## Records for the exercise
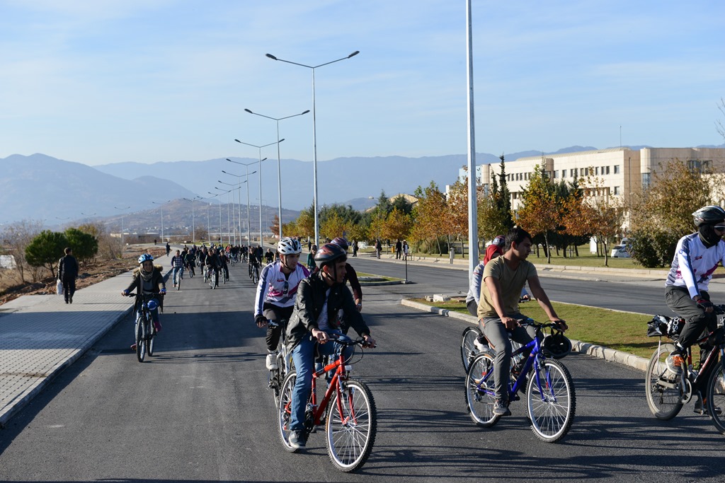 Açılış konuşmalarının ardından 50 bisikletin üniversiteye teslimi gerçekleştirilirken, protokol üyeleri öğrencilerle birlikte, “İki Teker, Obezite ve Kalbe Yeter” sloganıyla pedal çevirdi. Etkinlikler çerçevesinde KSÜ Beden Eğitimi ve Spor Yüksekokulu öğrencileri yeni spor branşlarını tanıtırken, Rektör Deveci ‘boccia’ ve ‘hemsball’ tanıtım stantlarını gezerek atışlar yaptı. Etkinlikler, kan bağışının ardından öğrencilere mandalina ve elma ikramıyla son buldu.
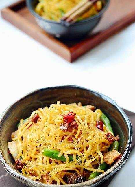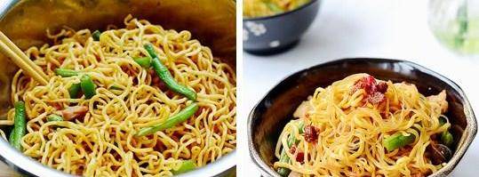 11:和蒸好的面條,配菜一起拌均勻即可。
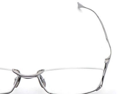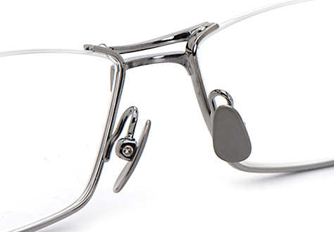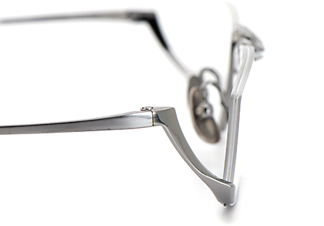 特徴的なダブル構造のブリッヂはフロント強度を高め、ジャポニスムらしいスタイルに仕上げたものです。また、従来の鼻パットの表面とは違い、滑りにくい砂打ちされた新たなチタン製鼻パッドを採用することで、より一層のフィット感を生み出しました。
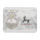 Ein Magnet mit einem magischen Urlaubsdesign. Mit einem silbernen Weihnachtsball mit Schneeflocken dekoriert und mit einem hübschen Silberbogen fertig. Der Hintergrund ist eine silberne Lichtillustrierung mit eleganten Sternen verstreut. Text sagt: "Joy to the world".
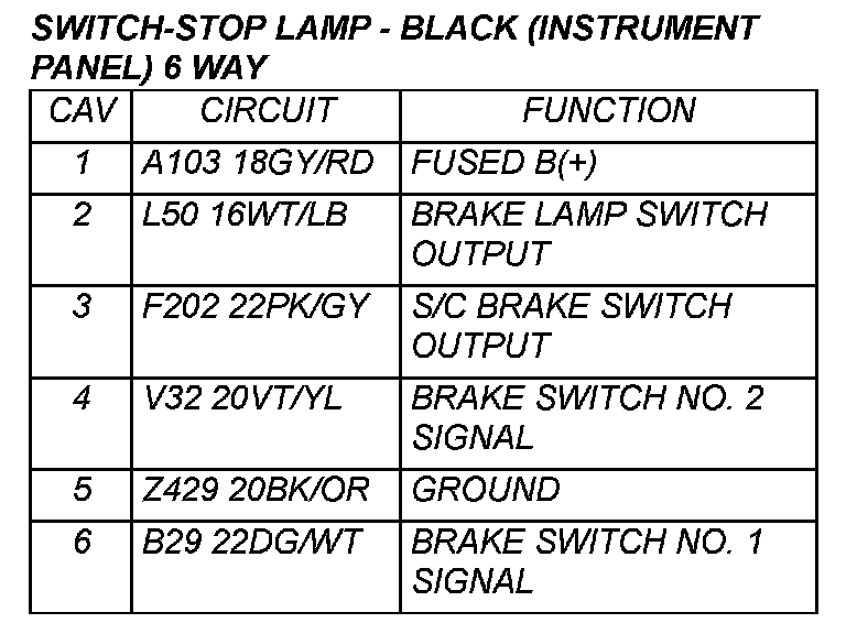 Switch - Stop Lamp - Black (Instrument Panel) 6 Way (Part 1):
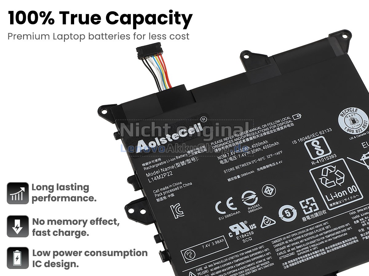 Unser Lenovo FLEX 3-1120 Ersatzakku hat auch eine Reihe von Sicherheitszertifizierungen wie GS, CE, UL, RoHS und ISO9001:2015 bestanden. Darüber hinaus werden alle FLEX 3-1120 Akkus vor Warenausgang mehr als 100 strengen Tests unterzogen. Nur um Ihre Verwendung komfortabler zu gestalten!
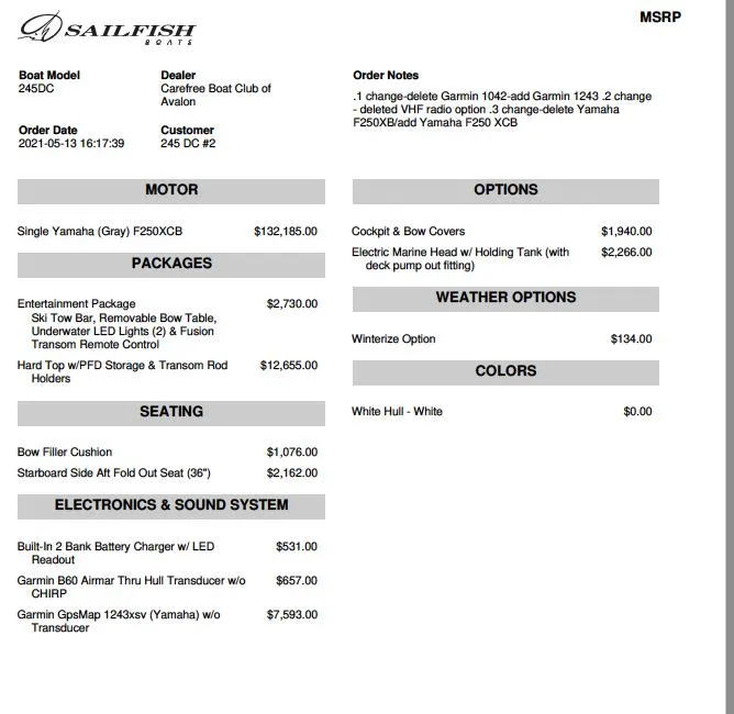 Contact Commodore Bay Marina about 2022 Sailfish 245 DC
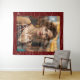 Elegant graduation photo tapestry to display on your graduate's party with a maroon background and white math formulas. Illustrated and designed by Patricia Alvarez.
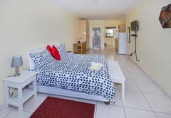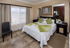 The Executive Rooms are beautifully furnished room with an en-suite bathroom. The room is furnished with a double bed (please request twin beds after confirming your booking, if required). The en-suite bathroom is equipped with a shower, hand basin and toilet. This room has a coffee and tea station and TV with DSTV. Other facilities include a bar fridge, fan / heater, safe, hair dryer and WI-FI.
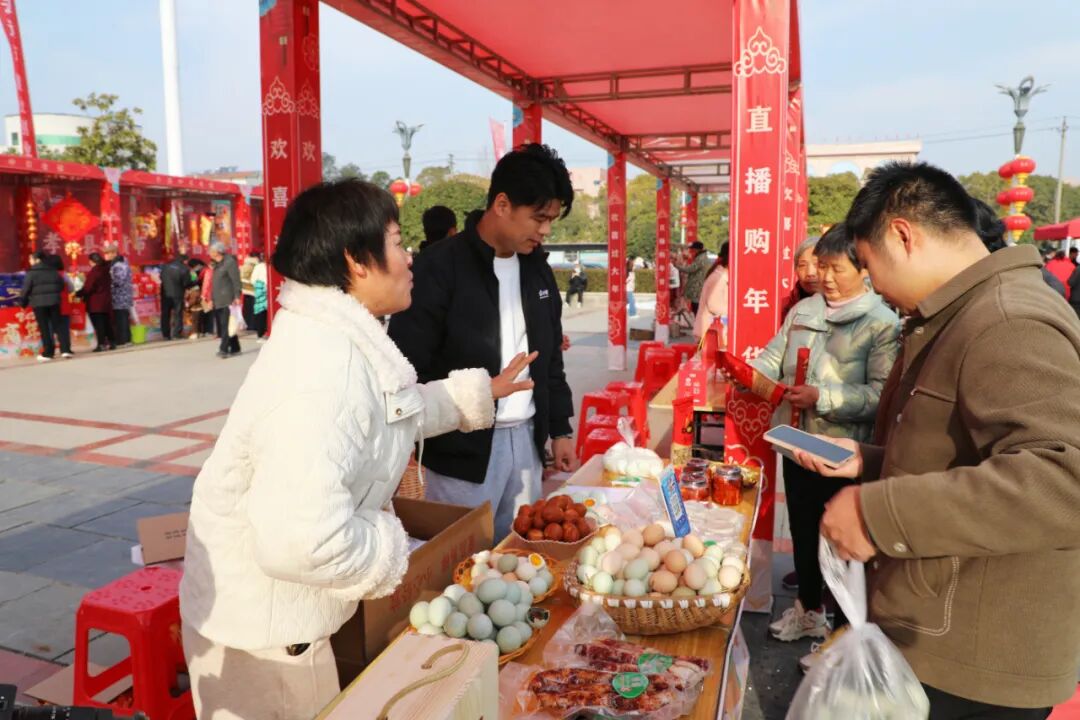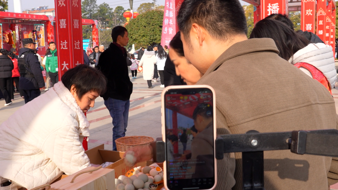 这边现场卖货,那边电商直播。从香甜的米酒到美味的腊货,电商企业的主播们对着镜头热情地推销着孝昌的特色年货,他们生动的讲解和热情的推荐,让屏幕另一端的网友们也仿佛置身于热闹的集市,感受到了孝昌浓浓的年味与独特魅力。

## Brief
The lines from the beginning of the listing above through the line holding "The Executive Rooms" are to be duplicated exactly, and the pictures omitted.

## Solution to this problem
 Açılış konuşmalarının ardından 50 bisikletin üniversiteye teslimi gerçekleştirilirken, protokol üyeleri öğrencilerle birlikte, “İki Teker, Obezite ve Kalbe Yeter” sloganıyla pedal çevirdi. Etkinlikler çerçevesinde KSÜ Beden Eğitimi ve Spor Yüksekokulu öğrencileri yeni spor branşlarını tanıtırken, Rektör Deveci ‘boccia’ ve ‘hemsball’ tanıtım stantlarını gezerek atışlar yaptı. Etkinlikler, kan bağışının ardından öğrencilere mandalina ve elma ikramıyla son buldu.
 11:和蒸好的面條,配菜一起拌均勻即可。
 特徴的なダブル構造のブリッヂはフロント強度を高め、ジャポニスムらしいスタイルに仕上げたものです。また、従来の鼻パットの表面とは違い、滑りにくい砂打ちされた新たなチタン製鼻パッドを採用することで、より一層のフィット感を生み出しました。
 Ein Magnet mit einem magischen Urlaubsdesign. Mit einem silbernen Weihnachtsball mit Schneeflocken dekoriert und mit einem hübschen Silberbogen fertig. Der Hintergrund ist eine silberne Lichtillustrierung mit eleganten Sternen verstreut. Text sagt: "Joy to the world".
 Switch - Stop Lamp - Black (Instrument Panel) 6 Way (Part 1):
 Unser Lenovo FLEX 3-1120 Ersatzakku hat auch eine Reihe von Sicherheitszertifizierungen wie GS, CE, UL, RoHS und ISO9001:2015 bestanden. Darüber hinaus werden alle FLEX 3-1120 Akkus vor Warenausgang mehr als 100 strengen Tests unterzogen. Nur um Ihre Verwendung komfortabler zu gestalten!
 Contact Commodore Bay Marina about 2022 Sailfish 245 DC
 Elegant graduation photo tapestry to display on your graduate's party with a maroon background and white math formulas. Illustrated and designed by Patricia Alvarez.
 The Executive Rooms are beautifully furnished room with an en-suite bathroom. The room is furnished with a double bed (please request twin beds after confirming your booking, if required). The en-suite bathroom is equipped with a shower, hand basin and toilet. This room has a coffee and tea station and TV with DSTV. Other facilities include a bar fridge, fan / heater, safe, hair dryer and WI-FI.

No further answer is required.